III. DES DIFFICULTÉS D'APPLICATION À ANTICIPER, UNE EFFECTIVITÉ À ASSURER
A. LE RESPECT DU DROIT EUROPÉEN NÉCESSITE UNE ATTENTION SPÉCIFIQUE
Au fil de ses décisions, la Cour de justice de l'Union européenne (CJUE) a développé une interprétation extensive des droits accordés aux travailleurs issus de pays tiers, qui résident légalement dans un État membre, par la directive européenne 2011/98 du 13 décembre 2011 dite « permis unique ». Durant les auditions conduites par la rapporteure, les services du ministère de l'Intérieur ont souligné le risque de non-respect de cette directive, et l'importance de notification le cas échéant. En effet, cette directive impose une égalité de traitement, au regard de la sécurité sociale, entre les nationaux et étrangers titulaires d'un titre de séjour relevant de son champ.
Afin de limiter le risque de non-conformité à la directive, la commission a adopté, à l'initiative de la rapporteure, un amendement ayant pour objet de substituer à l'exception « d'affiliation à la sécurité sociale au titre d'une activité professionnelle » celle d'être « titulaire d'un titre ou document autorisant à travailler ».
B. UNE APPLICATION SUSCEPTIBLE D'ÊTRE CONTRARIÉE PAR LES CLAUSES D'ÉGALITÉ DE TRAITEMENT CONTENUES DANS CERTAINS TRAITÉS ET CONVENTIONS INTERNATIONALES
La France a ratifié différents instruments de droit international qui impliquent des clauses d'égalité de traitement entre les ressortissants nationaux et ceux des pays-tiers partie au traité en matière de protection sociale.

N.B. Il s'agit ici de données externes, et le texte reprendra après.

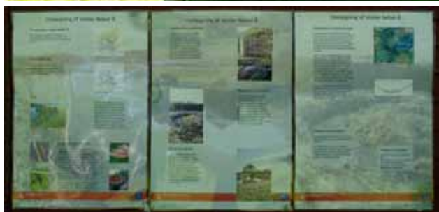
Øverst: Dybvadbro gl. station

Derefter har mange institutioner og skoler brugt huset til naturskoleformål, indtil den nye naturskole ved Marielundsvej blev bygget i 1991. Huset benyttes i dag som opholdssted for en skovbørnehave.

Du fait de la supériorité du droit international sur la loi, ces traités et conventions bilatérales ou multipartites sont de nature à faire écran aux dispositions contenue dans la proposition de loi, et empêcherait de facto son application pour les ressortissants concernés.
Il s'agit notamment des accords européens d'association, notamment signés entre l'Union européenne et l'Algérie, le Maroc, la Tunisie, le Liban, l'Égypte, la Jordanie, Israël et la Turquie, de la convention n° 118 sur l'égalité de traitement de sécurité sociale de l'Organisation internationale du travail (OIT) qui concerne plusieurs pays d'Afrique sub-saharienne et d'Amérique du Sud et de 67 accords ou conventions bilatérales avec des États tiers qui peuvent impliquer une clause de réciprocité sur certaines prestations sociales.
Cependant, la rapporteure appelle à ne pas tirer de conclusions hâtives de ce point. D'abord parce que les conventions en question peuvent être dénoncées, ou amendées sur certains points. Et qu'à défaut, ces conventions assurent en retour qu'un ressortissant français habitant dans le pays partie au traité bénéficie d'un traitement non discriminatoire avec les ressortissants nationaux.